I am not sure when I came up with the phrase—the penultimate yoga pose—but I’ve been saying it for years.
I slowly guided my students into Downward Facing Dog (Adho Mukha Shvanasana) and addressed the newbies in particular: “Voila, the penultimate pose. Now, you know that you’re really in a yoga class!”
At my studio in Raanana, Israel, I recently led 17-year-old Sam, his mom and her best friend’s husband, Michael, (here on business) into Adho Mukha Shvanasana.
Since the 40-something-year-old pulmonologist had never practiced before, I tossed out my line: “Voila, the penultimate pose.”
“So if that’s the penultimate, what’s the ultimate one?” Sam’s mom chuckled, as an English high school teacher she knew the nuances of words.
“What do you mean?” I said. I loathed high school English so much that I avoided taking any English or literature classes in college.
“Well, penultimate means second to last. So, if dog is second to last, then what is the ultimate pose?” she asked.
She had me; I was stumped. At a loss. Embarrassed. No, mortified.
Probably even red in the face if it had not been completely dark outside and the lights were low. In my mind, I had used ultimate to mean “best” or most fundamental rather than last.
The word most likely comes from Latin, I thought to myself, and to my recollection neither my high school nor my university had offered that dead language. Even if it had, I would never have elected to take it.
I tried my hardest to stay focused on their session, moving them from dog into plank, back-and-forth five times. As it is one of my favorite ways to help students build their internal body heat and feel their strength.
“I’ll get back to you,” I said, never quick with comebacks. So slow, in fact, I suffered throughout childhood with my older brother whose biting tongue left me speechless at every turn.
At night in bed or worse, the next day, I’d stew and think about everything I should have said. Now, all these years later, I just let the question settle and nestle, swishing around my mind.
Mostly, during the one-hour lesson, I thought about the poses, their meanings and value. I thought about Shoulder Stand, dubbed queen of all poses, which is said to help us develop the more feminine qualities of patience and emotional harmony. It neutralizes the nervous system in contrast to its counterpart Headstand, which heats and energizes us and is considered the king of asanas.
“Who are we competing with here?” Michael asked. They were lying on their backs for Bridge pose, with 15 minutes to go.
“Funny question. I’ve never been asked that before. Are you a competitive athlete?” I replied.
He shook his head—yes—as if I hadn’t already known the answer.
“So in yoga you’re not competing with anyone else. But you’ve probably figured that one out.” He laughed, as I continued. “In a way, though, it’s like you’re competing with yourself. To stay aware of and continuously breathe. To strive to find some quiet inside that head,” I was thinking and talking simultaneously.

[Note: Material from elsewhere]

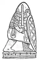 Los artefactos de las Piezas de Lewis poseen 19 peones estilizados con formas y tamaños variados semejantes a lápidas u obeliscos. La mayoría poseen una base hexagonal y dos piezas poseen adornos o grabados.[7][8] El único peón reminiscente del conjunto de piezas de Carlomagno está representado por un pequeño soldado con escudo y casco similar a los nórdicos del siglo XI que rompió el mito de que el conjunto pertenecía en realidad al emperador carolingio, que vivió en el siglo VIII.[9]

After Bridge, I had them keep their knees bent, bring their feet and legs to touch and put a block between their knees. They had done quite a few back bends, so I wanted them to release their lower backs.
“Squeeze!” I commanded. “Keep breathing and hug into that block.” I could see their inner thighs tremble.
All the while, I kept asking myself what was the ultimate pose.
When does someone really know they’ve arrived? When they’re on a mat, practicing this thing we call yoga, and they get it?
What one pose epitomizes all of that?
They removed the blocks and slowly bent one knee at a time into their chests and then toward their armpits for Happy Baby.
“From there, slowly extend your legs on the mat for the final resting pose, Savasana.” Mother and son knew where they were going since they’ve been practicing for a few months now.
Michael did not. Sleep deprived due to jet lag, he was awash in the intense demand of the practice, so he followed along cautiously. I let them settle. Tuck their shoulder flesh under, allow their palms to turn up, their feet splay apart, heavy into the earth.
“The goal here isn’t to fall asleep, rather to stay aware of each breath. To breathe and empty out the mind while the outer, physical body relaxes,” I explained.
I watched and listened as their inhale and exhale took over.
“This is it. The ultimate pose,” I blurted out.
For the first time in my 10 years of teaching, I realized that Shavasana is the ultimate pose. When we’re in it—relaxed in our body, conscious of our breath, but quiet in our mind—that’s when we know we’re practicing yoga.